Personalized explanations for clinician-AI interaction in breast imaging diagnosis by adapting communication to expertise levels
Francisco Maria Calisto, João Abrantes, Carlos Santiago, Nuno Nunes, Jacinto C. Nascimento
Abstract
This paper investigates the impact of personalized AI communication on clinical outcomes in breast cancer diagnosis. Our study examines how different AI communication styles influence diagnostic performance, workload, and trust among clinicians, focusing on imaging diagnosis. We engaged 52 clinicians, categorized as interns, juniors, middles, and seniors, who diagnosed patient cases using conventional and assertiveness-based AI communication.

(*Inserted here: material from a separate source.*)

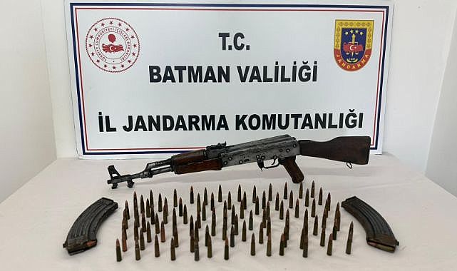 Batman İl Jandarma Komutanlığının yürüttüğü istihbari çalışmalar sonucunda, ruhsatsız silah bulundurduğu belirlenen şahıslara yönelik operasyon düzenlendi. Şehir merkezinde belirlenen adreslere gerçekleştirilen eş zamanlı operasyonda önemli miktarda silah ve mühimmat ele geçirildi. Adreslerde yapılan aramalarda, 1 adet AK-47 piyade tüfeği, 2 adet şarjör ve 101 adet mühimmat bulundu. Ele geçirilen silah ve mühimmatlara el konulurken, olayla bağlantılı oldukları tespit edilen M.K. ve Y.K. isimli şahıslar gözaltına alındı. Jandarmadaki işlemlerinin tamamlanmasının ardından adliyeye sevk edilen şüpheliler, çıkarıldıkları mahkemece tutuklanarak Beşiri T Tipi Kapalı Ceza İnfaz Kurumuna gönderildi.

Results show that personalized AI communication reduced diagnostic time by a factor of 1.38 for interns and juniors, and by a factor of 1.37 for middle and senior clinicians, without compromising accuracy. Interns and juniors reduced their diagnostic errors by 39.2% with a more authoritative agent, while middle and senior clinicians saw a 5.5% reduction with a more suggestive agent. Clinicians preferred assertiveness-based AI agents for their clarity and competence, valuing detailed, contextual explanations over numerical outputs. These findings underscore the need for adaptable AI communication to build trust, reduce cognitive load, and streamline clinical workflows. This work offers valuable insights for designing effective AI systems in high-stakes domains, contributing significantly to the Human–Computer Interaction community by enhancing our understanding of AI-mediated clinical support.